With that said, the codes running on big weather machines reflects that long history. Many have been developed over the course of careers and changing them to keep pace with the latest and greatest in HPC hardware trends is far easier said than done. It has been enough for weather centers to look to the future of exascale-class capabilities, let alone looping in GPU acceleration to any great extent for production forecasts (despite years of trying with snippets here and there).
All of that might be changing. Maybe not this year, but first steps are underway. As Peter Bauer, Deputy Director of Research and Lead Scientist at ECMWF, one of the world’s leading forecasting organizations, tells us, “GPUs for acceleration will be essential; it’s a means of survival.” And with that, he adds, machine learning is the same category—there is no way to keep pace with both the data and compute-heavy parts of their workloads without either. And luckily, having experience with GPUs lends well to eyeing future machine learning hooks.
“Even if we had all our computing problems solved, in five years we wouldn’t be able to deal with the data we produced. If we had 150 TB per day now, to petabytes per day by our next system upgrade, in five years we would be at 10 petabytes per day just to extract information and produce our forecast on tight schedules,” Bauer says. “Without machine learning, most likely on GPUs, that would be impossible.” The ML piece will be most helpful with observational data, quality control, and on the output side. GPUs will be helpful here but Bauer says their real emphasis is using GPUs not for ML training or inference, but finally with overall workload acceleration, hopefully for production workloads by the time their next system arrives in four or five years. “There is no way we can run on CPUs only. It’s not affordable or efficient. We’re running at 5% sustained,” he adds.

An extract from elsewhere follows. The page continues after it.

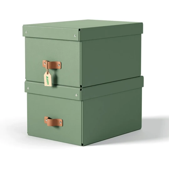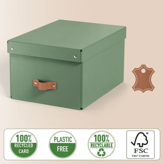 - Zestaw dwóch średniej wielkości pudełek do przechowywania z pokrywkami w nowoczesnym, minimalistycznym stylu doskonale uzupełni wnętrze Twojego domu i biura; wykonane są z tektury z certyfikatem FSC w 100% pochodzącej z recyklingu.
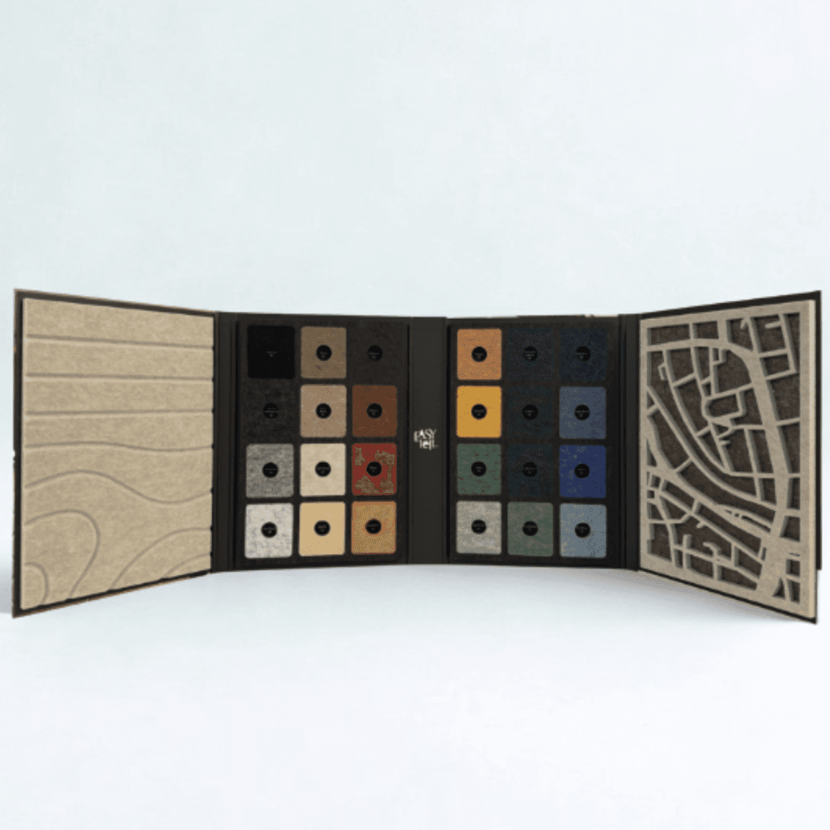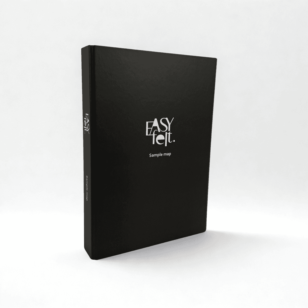 Ontdek de volledige collectie PET-vilt van EASYfelt in één overzichtelijke samplemap. Deze stijlvolle map bevat alle kleuren van ons nieuwe Nederlands vilt, zorgvuldig gepresenteerd met inspirerende foto’s, materiaalinformatie en toepassingen.

The center’s biggest hurdle is dealing with multi-dimensional data-intensive problems. “Even with GPUs and CPUs and existing architectures, we are finding we have to redesign our whole software architecture so it can deal with problems in a data-centric datacenter. Moving data is a lot more expensive in terms of power and time than doing the actual calculations. We’re data constrained.”
Right now, no production forecasting runs on GPUs at ECMWF, but researchers have been using sizable allocations on the Summit supercomputer with Power-based GPU accelerated nodes coupled with NVlink with success in early experiments. This has let them see what they can expect from offloading certain pieces of their code to GPU-nodes and a fast interconnect and the results have been eye-opening to Bauer. He also says this, in addition to work they’ll be doing at a new Atos Centre of Excellence at ECMWF, will build out the balance of AI and GPU acceleration for production workloads.
And even with the successes on Summit, it’s still a long road to GPU deployments of any real scale in weather, although Bauer thinks that by their next major system in four years there will be production GPUs at the ready with codes tailored to make use of them.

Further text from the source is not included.